Since the neural network is very unstable at the beginning of training, the learning rate at the beginning should be set very low, so as to ensure that the network can have good convergence. But the lower learning rate will make the training process very slow, so here we will use a way to gradually increase the lower learning rate to a higher learning rate to achieve the “warmup” stage of network training, called the warmup stage. About warmum you can read on this paper.
But if we minimize the loss of network training, it is not appropriate to always use a higher learning rate, because it will make the gradient of the weight oscillate back and forth, and it is difficult to make the loss of training reach the global minimum. Therefore, the cosine attenuation method in the same paper is adopted in the end. This stage can be called a consensus decay stage.
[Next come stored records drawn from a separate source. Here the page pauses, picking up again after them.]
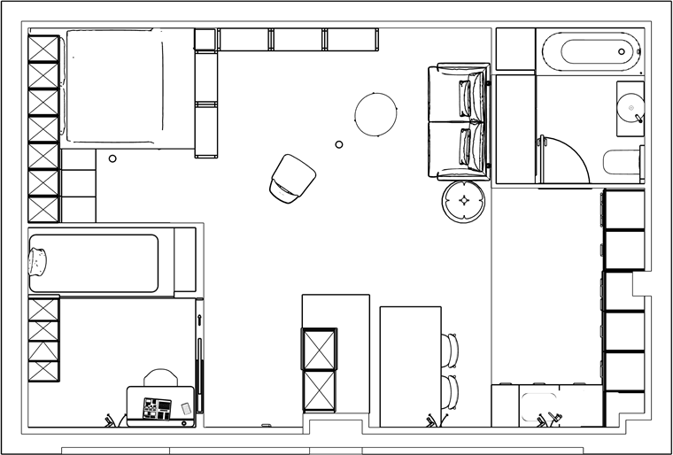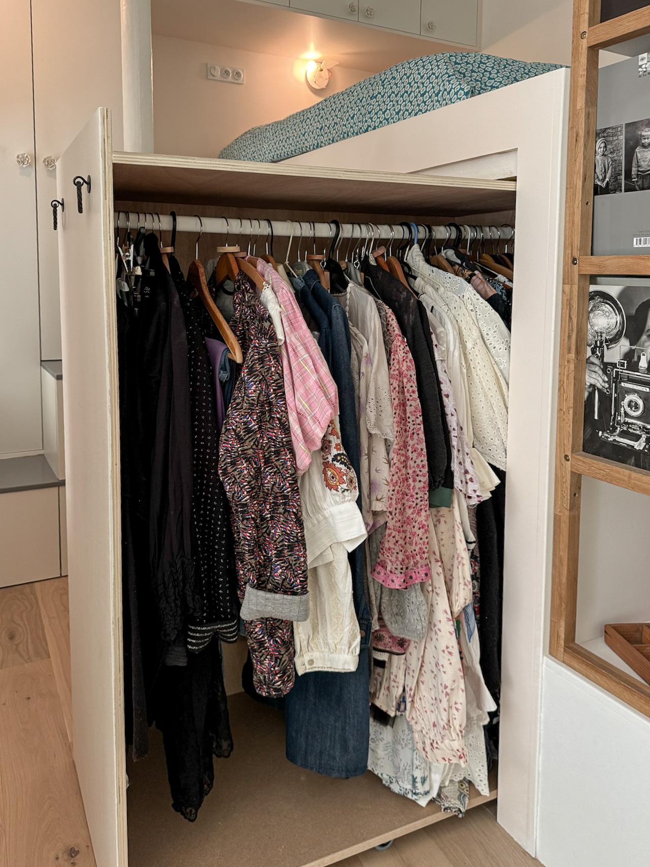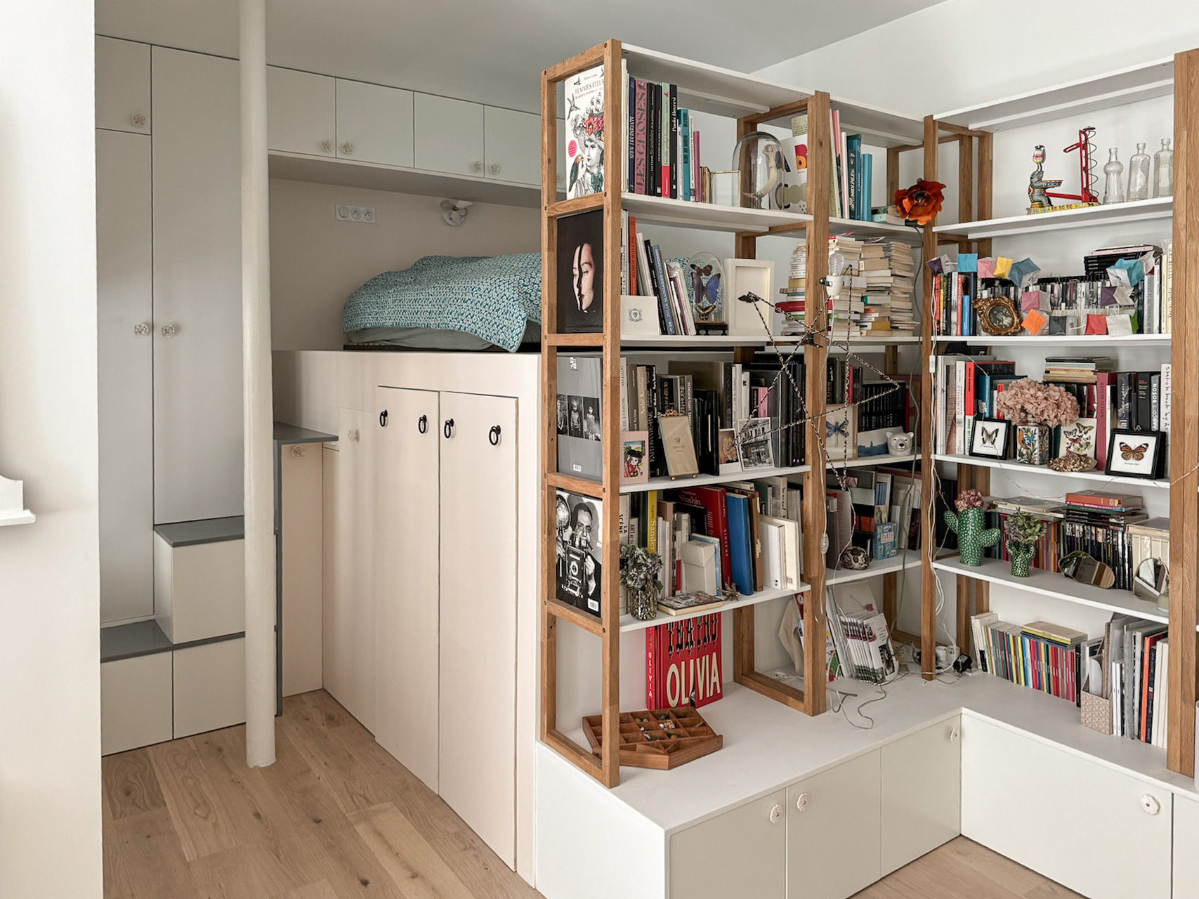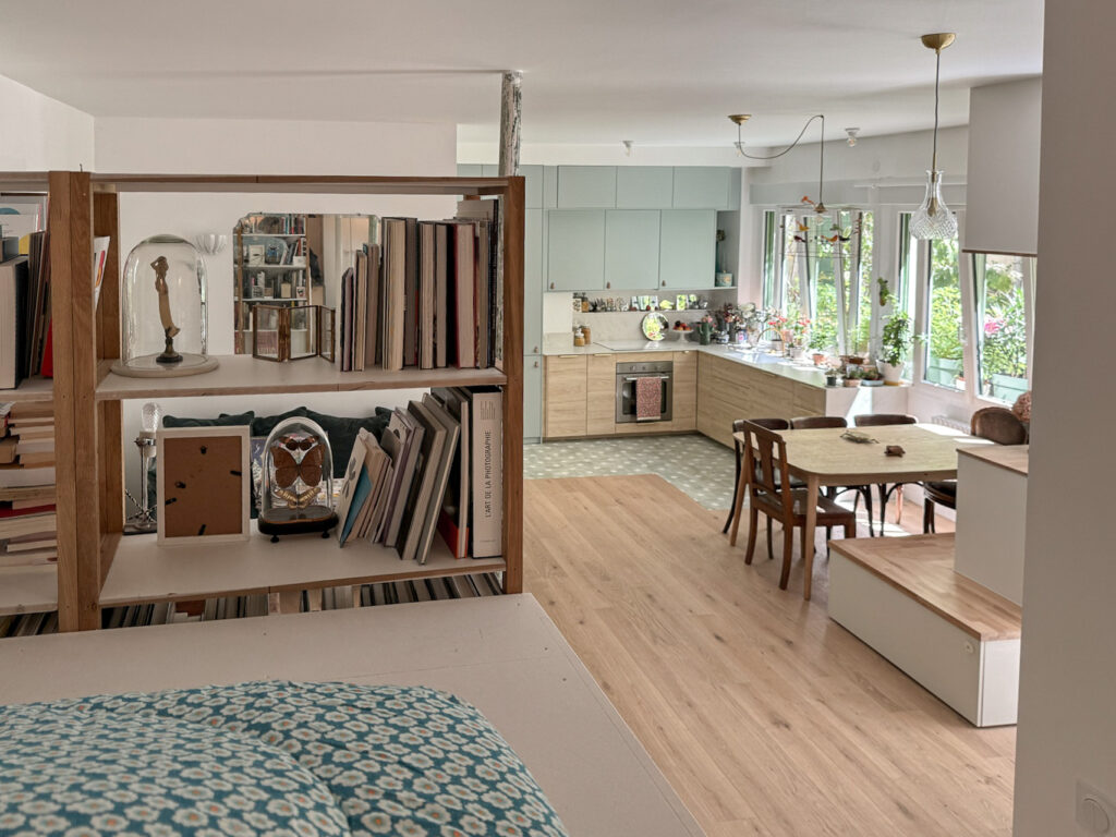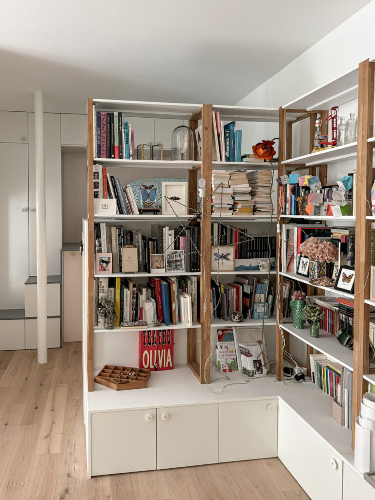 - Un coin nuit pour Jul*, sans fenêtre, dans un espace ouvert sur la pièce de vie. Ce coin est occupé par un module astucieux, entre estrade et mezzanine d’une hauteur d’1m60, flanqué d’un petit escalier en bois, ce qui permet de créer un espace en dessous et d’accueillir ainsi de grandes tringles et rangements coulissants, maximisant chaque mètre carré.
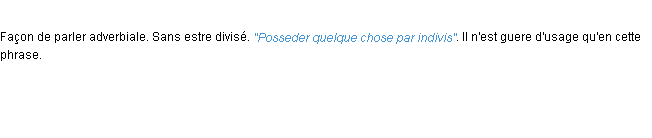 Ancienne définition académique pour le terme « par indivis » (parue en 1694).Merci à Micheline et Maxime pour la numérisation du mot par indivis.
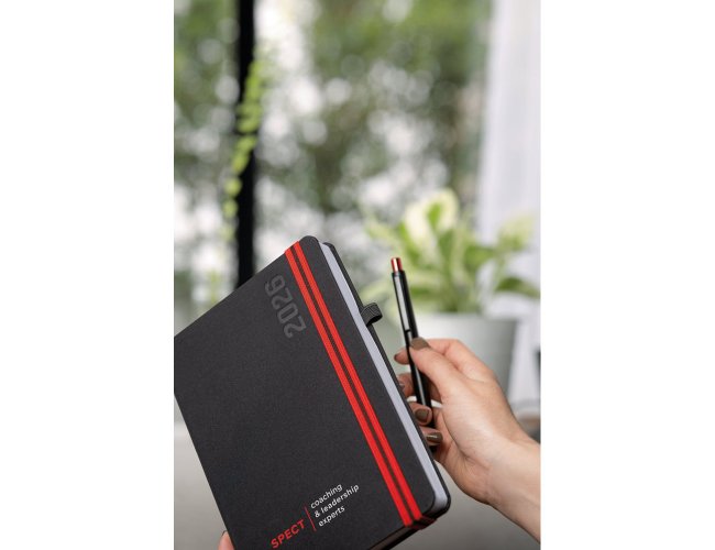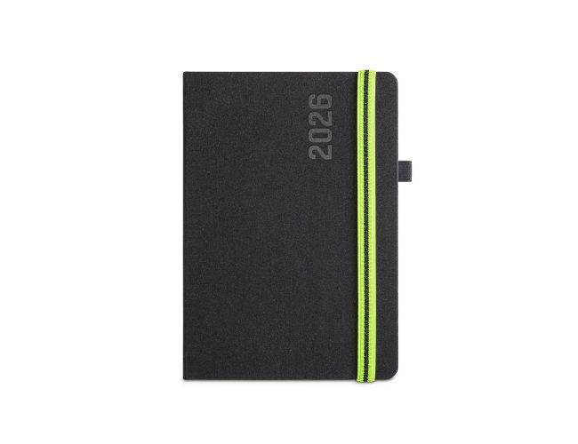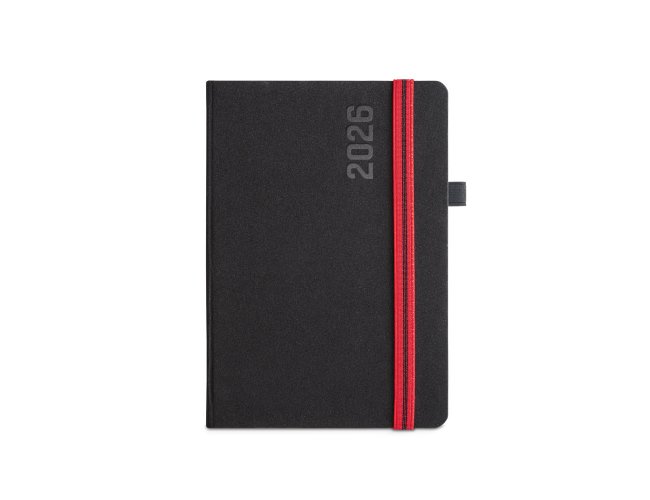 Agenda A5 em tecido poliéster. Com suporte para esferográfica (não inclusa) e marcador em fita. Está organizada num plano diário (70 g/m²). 145 x 212 mm
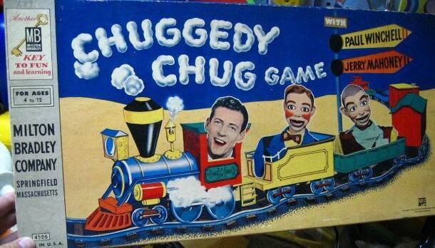 A simple train game for children in which a player spins a spinner and then moves his train down a track. Special spaces on the track can force the child to blow his whistle or to lose a turn, possible destroying a deeply developed strategy. The game is significant for its theme. Pictured prominently on the box is the ventriloquist Paul Winchell and two of...

This is how our learning rate chart will look like:
Pretrained yolo v3 model weights
The current mainstream approach to target detection is to extract features based on the pretrained model of the Imagenet dataset, and then perform finetunning training on target detection (such as the YOLO algorithm) on the COCO dataset, which is often referred to as transfer learning. In fact, transfer learning is based on a similar distribution of the data set. For example, mnist is completely different from the COCO data set distribution. There is no need to load the COCO pretraining model.
Quick training for custom mnist dataset
To test if custom Yolo v3 object detection training works for you, at first you must complete first tutorial steps, where you make sure that simple detection with original weights works for you.
When you have cloned the GitHub repository, you should see “mnist” folder, which contains mnist images. From there images we create mnist training data with the following command:
python mnist/make_data.py
This make_data.py script creates training and testing images in the right format. Also, this creates an annotation file. One line for one image, in the format like following:
image_absolute_path xmin,ymin,xmax,ymax,label_index xmin2,ymin2,xmax2,ymax2,label_index2 ...
The origin of coordinates is at the left top corner, left top => (xmin, ymin), right bottom => (xmax, ymax), label_index is in range [0, class_num — 1]. We’ll talk more about this in the next tutorial, where I will show you how to train YOLO model with your own custom data.
./yolov3/configs.py file is already configured for mnist training.
Now, you can train it and then evaluate your model running these commands from a terminal: python train.py tensorboard logdir ./log
Track your training progress in Tensorboard by going to http://localhost:6006/ , after a while you should see similar results to this:
After training is finished, you can test detection with detect_mnist.py script: python detect_mnist.py
Then you should see similar results to the following:
Conclusion:
That’s it for this tutorial. We learned how the Loss works in the Yolo v3 algorithm and we trained our first custom object detector with mnist dataset. This was quite easy, because I prepared all files for you, that you could test training with only a few commands.
In the next part, I will show you how to configure everything for custom objects training, how to transfer weights from the original weights file, and how to finally do finetune with your classes. See you in the next part!